_Task statement_.
A faithful copy of the data below is required, leaving out every picture.

_Data block_.
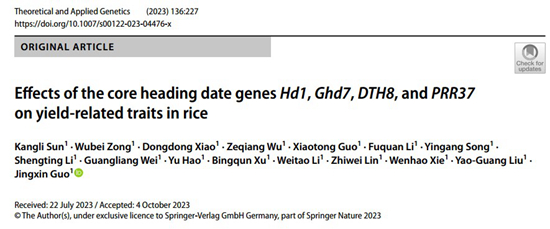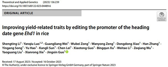 近日,华南农业大学生命科学学院、亚热带农业生物资源保护与利用国家重点实验室刘耀光院士团队,郭晶心和谢先荣研究小组,在国际知名学术期刊Theoretical and Applied Genetics(IF2022=5.3999,农林科学1区 TOP)在线发表两篇题为Effects of the core heading date genes Hd1, Ghd7, DTH8, and PRR37 on yield-related traits in rice以及Improving yield-related traits by editing the promoter of the heading date gene Ehd1 in rice的研究论文(论文链接:https://doi.org/10.1007/s00122-023-04476-x;https://doi.org/10.1007/s00122-023-04489-6)。论文证明了Hd1、Ghd7、DTH8、OsPRR37、Ehd1影响水稻产量性状,为编辑抽穗期基因提高水稻产量提供了有价值的新发现。
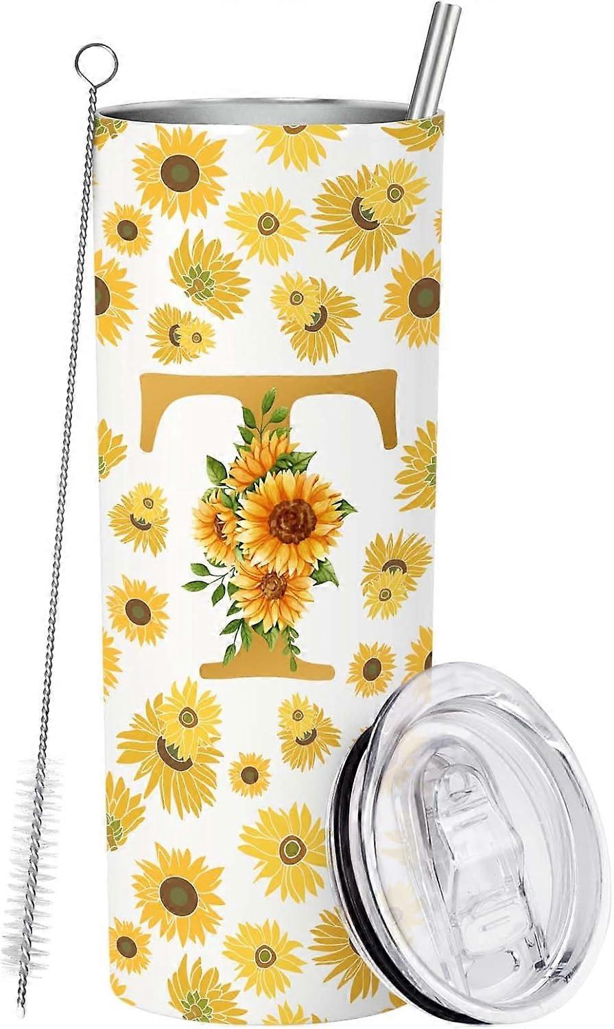 Sunflower Gifts for Women, Initial T Stainless Steel Wine Tumbler, Monogrammed Gifts for Women, Personalized Gifts for Women, Perfect Gifts for Women
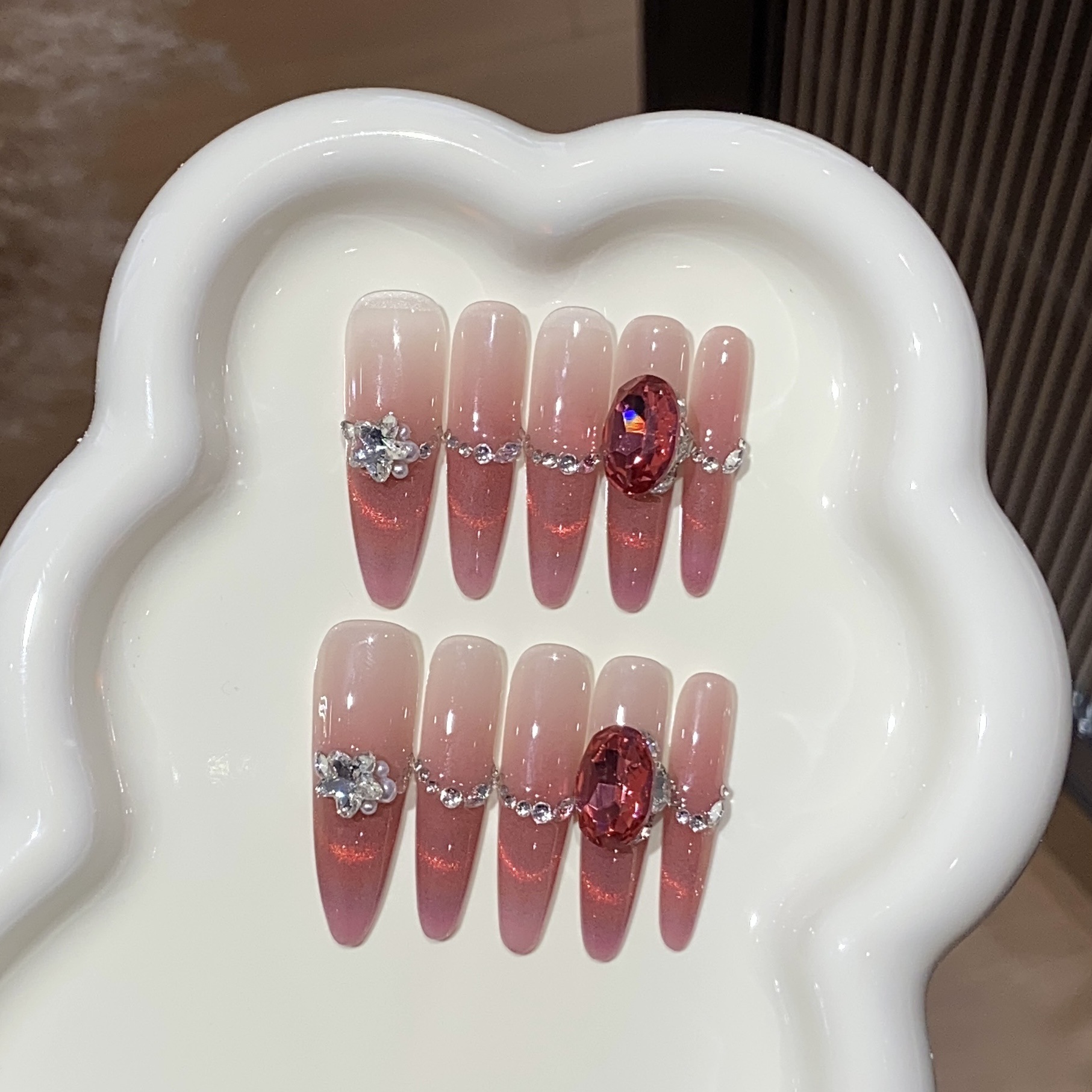 ネイル クリアピンクグラデーションオーロラスマイルキャットアイ ピンクオーバルドリル ストロベリーリキュール付け爪
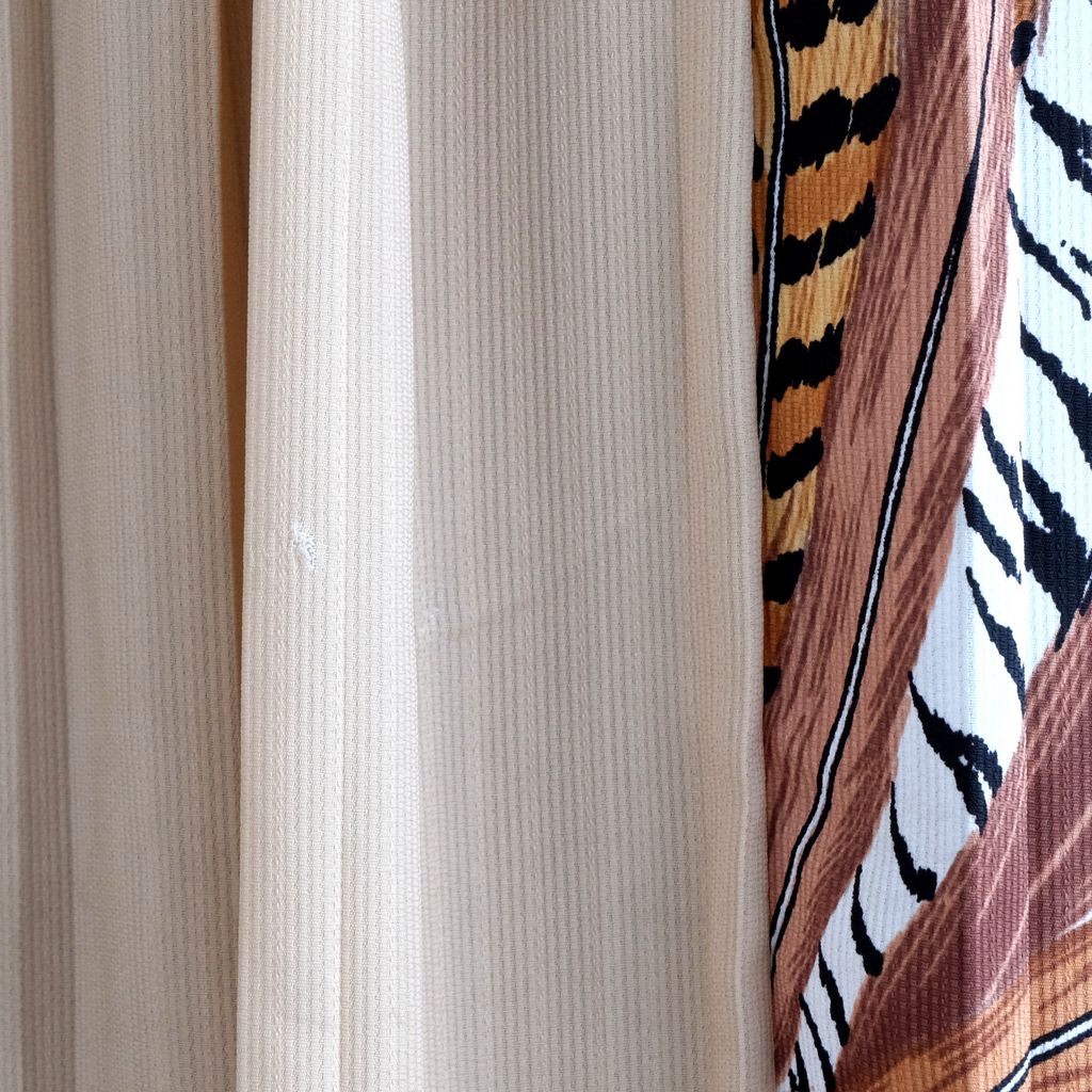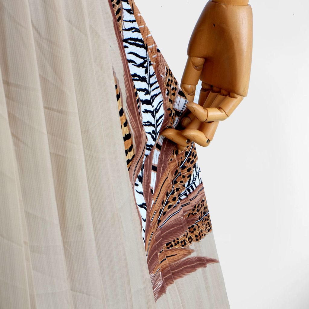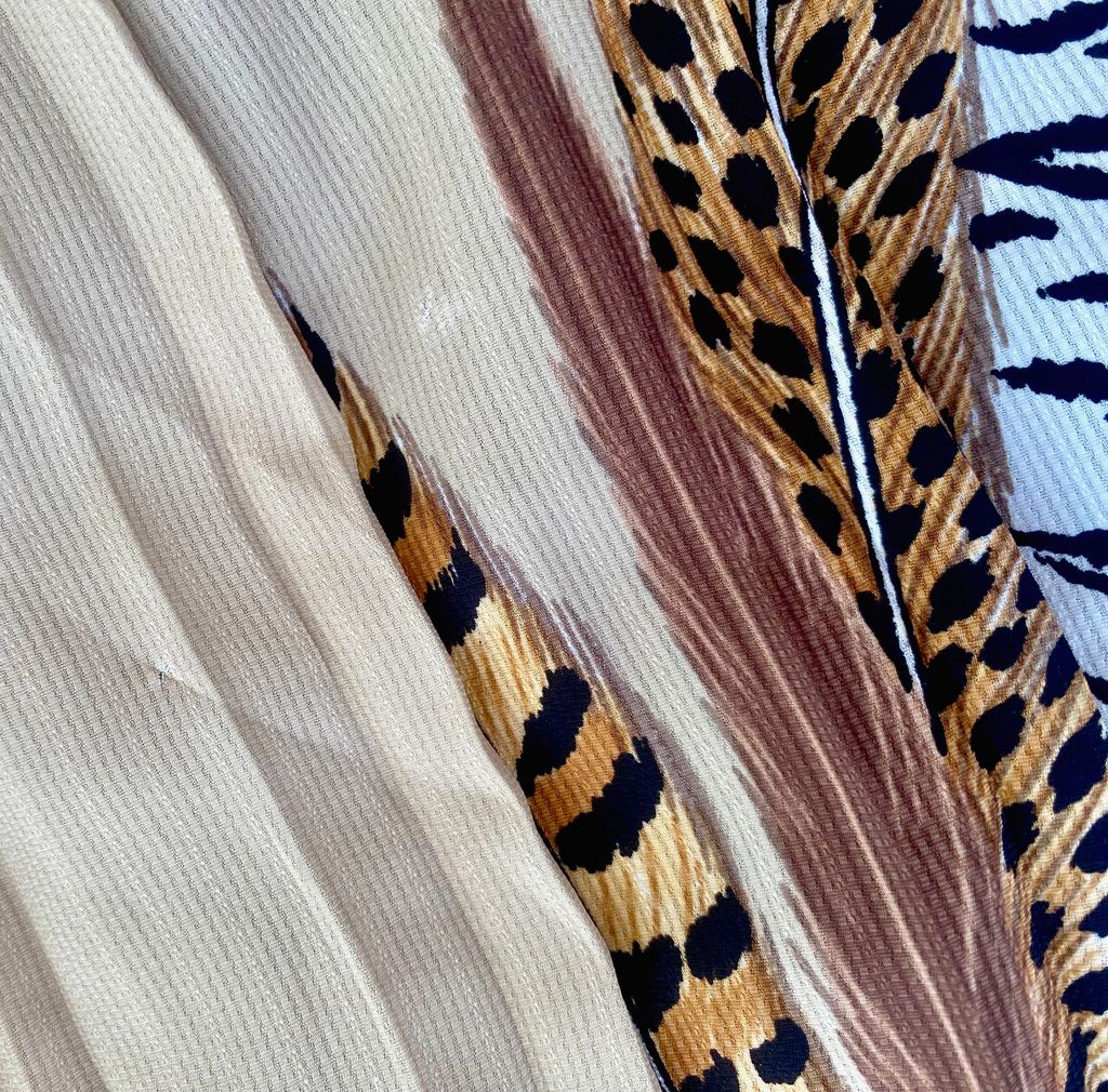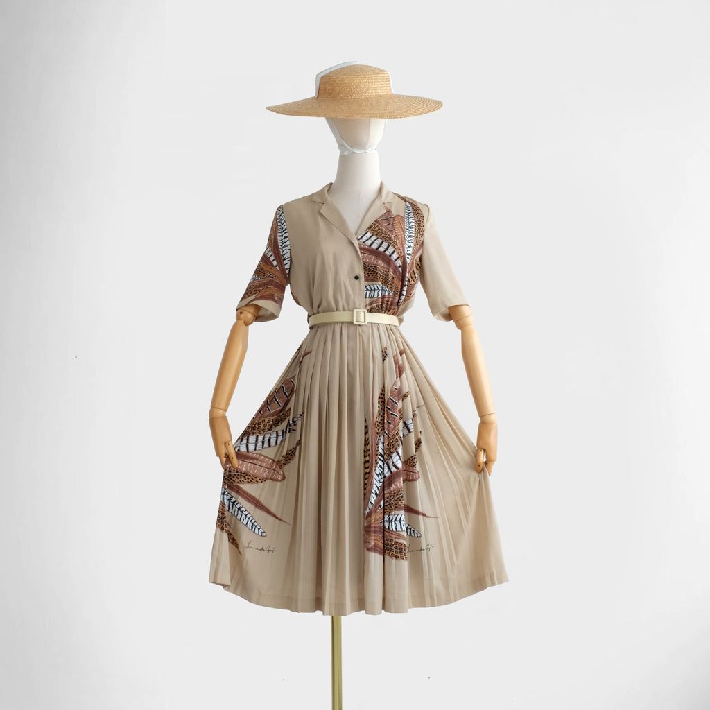 Circa 1980s. Rare beige khakis dress with feathers print.

_Exercise output_.
 近日,华南农业大学生命科学学院、亚热带农业生物资源保护与利用国家重点实验室刘耀光院士团队,郭晶心和谢先荣研究小组,在国际知名学术期刊Theoretical and Applied Genetics(IF2022=5.3999,农林科学1区 TOP)在线发表两篇题为Effects of the core heading date genes Hd1, Ghd7, DTH8, and PRR37 on yield-related traits in rice以及Improving yield-related traits by editing the promoter of the heading date gene Ehd1 in rice的研究论文(论文链接:https://doi.org/10.1007/s00122-023-04476-x;https://doi.org/10.1007/s00122-023-04489-6)。论文证明了Hd1、Ghd7、DTH8、OsPRR37、Ehd1影响水稻产量性状,为编辑抽穗期基因提高水稻产量提供了有价值的新发现。
 Sunflower Gifts for Women, Initial T Stainless Steel Wine Tumbler, Monogrammed Gifts for Women, Personalized Gifts for Women, Perfect Gifts for Women
 ネイル クリアピンクグラデーションオーロラスマイルキャットアイ ピンクオーバルドリル ストロベリーリキュール付け爪
 Circa 1980s. Rare beige khakis dress with feathers print.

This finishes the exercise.